Some features of such a game:

  • It is a card game. The cards need not exist as tangible objects: Hearthstone uses virtual, digital "cards".
  • The main way to win the game is to "kill" the other player. This killing is generally done incrementally. A sort of numeric score is used to indicate how much more "injury" one can take before "dying".
  • For the most part, the players do not try to "injure" each other directly: they have underlings do their dirty work for them. In general, each underling is represented by a card. On the card are shown numbers indicating the underling's ability to inflict injury and to withstand injury.
  • 1
    I think this is better asked on Role-playing Games. I suspect the answer is "collectible card game" whether or not the cards are collectible, or physical, or virtual, or anything else. Words and terms' definitions are under no obligation to reflect their historic origins (google "Etymological fallacy").
    – Dan Bron
    Jan 18, 2017 at 14:10
  • What is the one game you know of that plays like that but is considered neither a collectible or a trading card game? What is it considered? Technically, if you hold onto your cards in any way, it would be considered collectible; you are collecting your cards to use the best ones.
    – Hank
    Jan 18, 2017 at 14:11
  • @Hank That one game is called Epic. On the box it is described as a "card game of fantasy combat". Jan 18, 2017 at 14:13
  • 1
    This might be better asked on [Board and Card Games SE](boardgames.stackexchange.com). For a "jargon" term such as you are looking for, it's probably best to ask people from the appropriate community, as most people on ELU don't know board game jargon.
    – AndyT
    Jan 18, 2017 at 14:48
  • @RobertLozyniak - Actually, I think you have your answer from the blurb on Epic. Boardgamegeek uses very similar wording to your question: "aims to recreate the TCG[Trading Cade Game]-style experience". Would "TCG-style" be an acceptable answer? Clearly the writer of that blurb would think so.
    – AndyT
    Jan 18, 2017 at 14:54

3 Answers 3


Your example game, Epic, is considered a strategy card game; maybe that will work for you.

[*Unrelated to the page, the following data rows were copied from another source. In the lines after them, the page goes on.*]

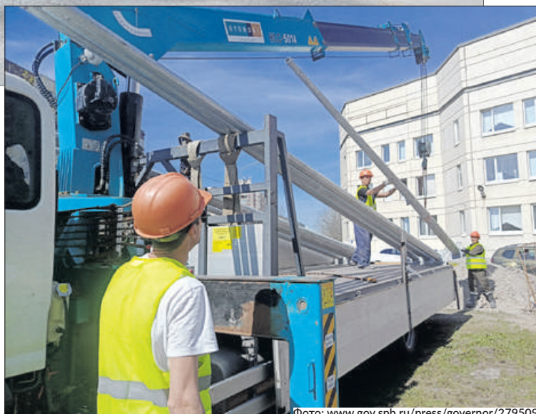
Новое световое оборудование будет установлено в квартале, в границах которого проживают около 10 тысяч жителей Невского района, размещены социальные объекты.

На рабочем совещании губернатора Александра Беглова с членами городского правительства утверждён проект планировки с проектом межевания территории в Невском районе между Дальневосточным проспектом, Октябрьской набережной и двумя проектируемыми улицами. Инвестор планирует построить там жилые дома, а также два детских сада на 190 и 250 мест, школу на 1125 мест, физкультурно-оздоровительный комплекс, диагностический центр, объекты бытовых услуг и культуры, инженерные и другие
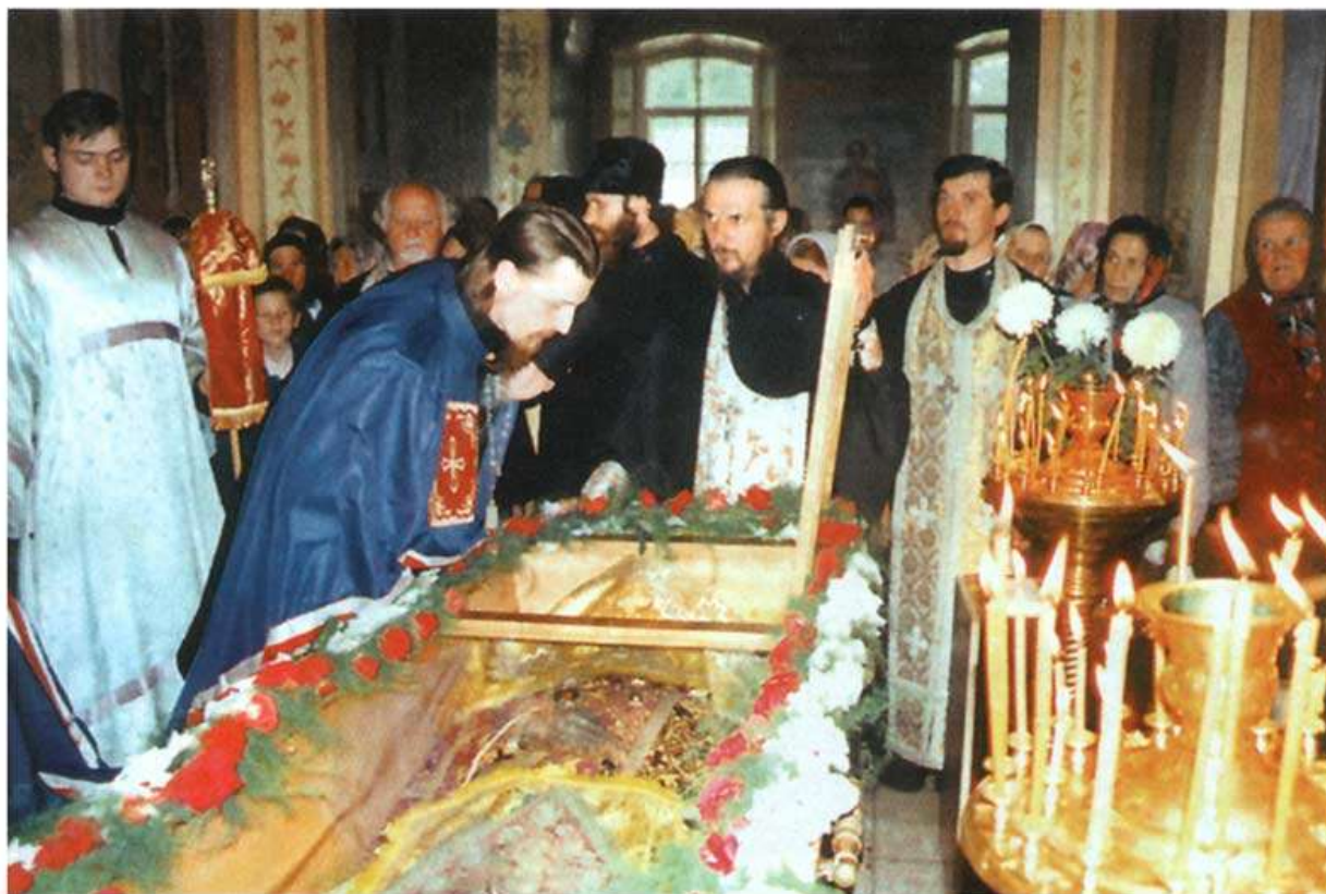
Преосвященный Иоанн, епископ Белгородский и Старооскольский у мощей Святого Иоасафа.

Два с половиной месяца тело лежало открытым в Свято-Троицком соборе, не предаваясь тлению и не теряя обычного вида. Только 28 февраля 1755 г. гроб с телом покойного был поставлен в пещере под собором.
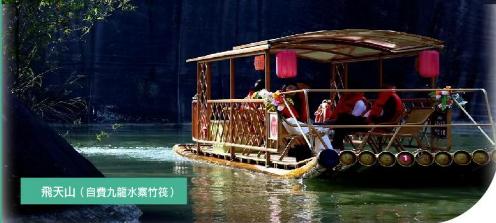
飛天山 (自費九龍水寨竹筏)
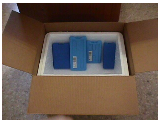
Contenedor extern, Contenedor secundari Acumuladors de fred.

En el cas de tramesa de mostres serològiques destinades al control diagnòstic habitual de malalties sotmeses a campanyes de control, lluita i eradicació (no amb la finalitat de confirmació de malalties o de tramesa de mostres sospitoses de qualsevol procés patològic), els recipients on es subministren els tubs al buit podran utilitzar-se com contenidors secundaris, sempre i quan s'utilitzin contenidors externs que permetin l'arribada de les mostres en refrigeració quan així sigui convenient. La mateixa consideració tindran els racks de microtubs, els quals actuaran com a contenidors secundaris.
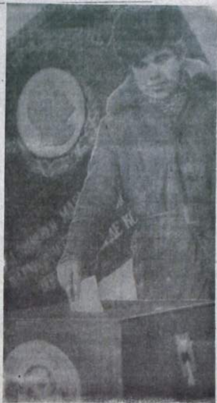
На снимке: на Гафурьевском избирательном участке.
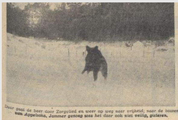
Daar gaat de beer door Zorgvlied en weer op weg naar vrijheid; naar de bossen van Appelscha, Jammer genoeg was het daar ook niet veilig, gisteren.
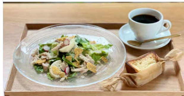
かぶとチキンのシーザーサラダ ドリンクセット ¥ 1200
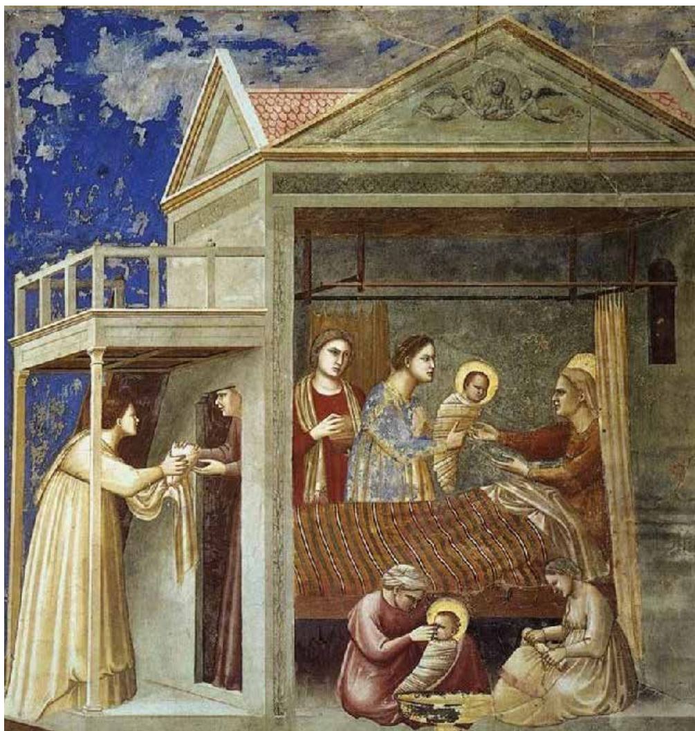
Giotto (1266 - 1337): Natività della Vergine (1304)
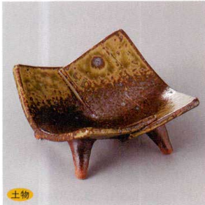
土物 103-1-45H 2,600円 トシ×双袖小付小鉢(手造) 9.5×10×5cm
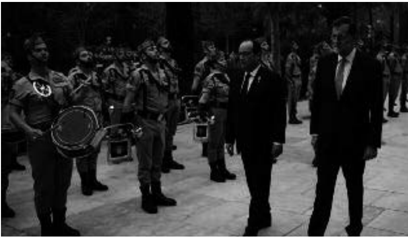
Rajoy en Hollande tijdens Frans-Spaanse top in Málaga

France Bleue – Pays Basque verklaarde Espagnac naderhand dat op die manier een koerswijziging werd doorgevoerd. Het hielp ook wel dat Manuel Valls zijn ontslag had gegeven als premier om zich beschikbaar te stellen voor de voorverkiezingen met het oog op de Franse presidentsverkiezingen. Valls stond bekend vanwege zijn harde lijn en zijn onvermuisbaarheid ten aanzien van ook maar enige vorm van een 'onderhandelde' oplossing voor het Baskische probleem. Toen Frankrijk eenmaal de steven had gewend, heeft president Hollande, bij gelegenheid van een Frans-Spaanse top in Málaga, de Spaanse premier Mariano Rajoy persoonlijk op de hoogte gesteld dat Frankrijk voornemens was het groene licht te geven aan een wettelijk omkaderde wapenoverdracht. De Spanjaard kon niet veel meer doen dan hier acte van nemen.
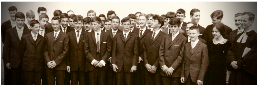
Konfirmation vor 58 Jahren: 1966
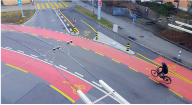
Roter Strassenbelag auf dem Bucheggplatz, Zürich

  • A plan of action or policy designed to achieve a major or overall aim.

More specifically, a strategy game is described as:

Strategy game

  • A game (e.g. video or board game) in which the players' uncoerced, and often autonomous decision-making skills have a high significance in determining the outcome. Almost all strategy games require internal decision tree style thinking, and typically very high situational awareness.

What about a dueling card game?



1. a prearranged combat between two persons, fought with deadly weapons according to an accepted code of procedure, especially to settle a private quarrel.

The games you listed, and most of their ilk are typically one on one, and many specifically cast the player as some sort of wizard or general fighting an enemy or rival.

This also has the added bonus(?), it also ties into the catch phrase of the Protagonist of the Yu-Gi-Oh anime series (which was also about this type of card game).


The Wikipedia entry for Magic: The Gathering defines what it is this way:

Magic: The Gathering (MTG; also known as Magic) is a trading card game created by Richard Garfield.

But on Wikipedia (at least) the link for "trading card game" redirects to the entry for "collectible card game" which says this:

A collectible card game (CCG), also called a trading card game (TCG) or customizable card game, is a kind of card game that first emerged in 1993 and consists of specially designed sets of playing cards. Terms such as "collectible" and "trading" are used interchangeably because of copyrights and marketing strategies of game companies. ... Successful CCGs typically have upwards of thousands of unique cards, with the most successful one, Magic: The Gathering, having over 16,000.

The Wikipedia entry for Hearthstone (video game) has this description:

Hearthstone, originally known as Hearthstone: Heroes of Warcraft, is a free-to-play online collectible card video game developed and published by Blizzard Entertainment.

So, to judge from Wikipedia's terminology, these types of games are properly classified as "collectible card games" or "trading card games" based on physical or virtual (online) cards.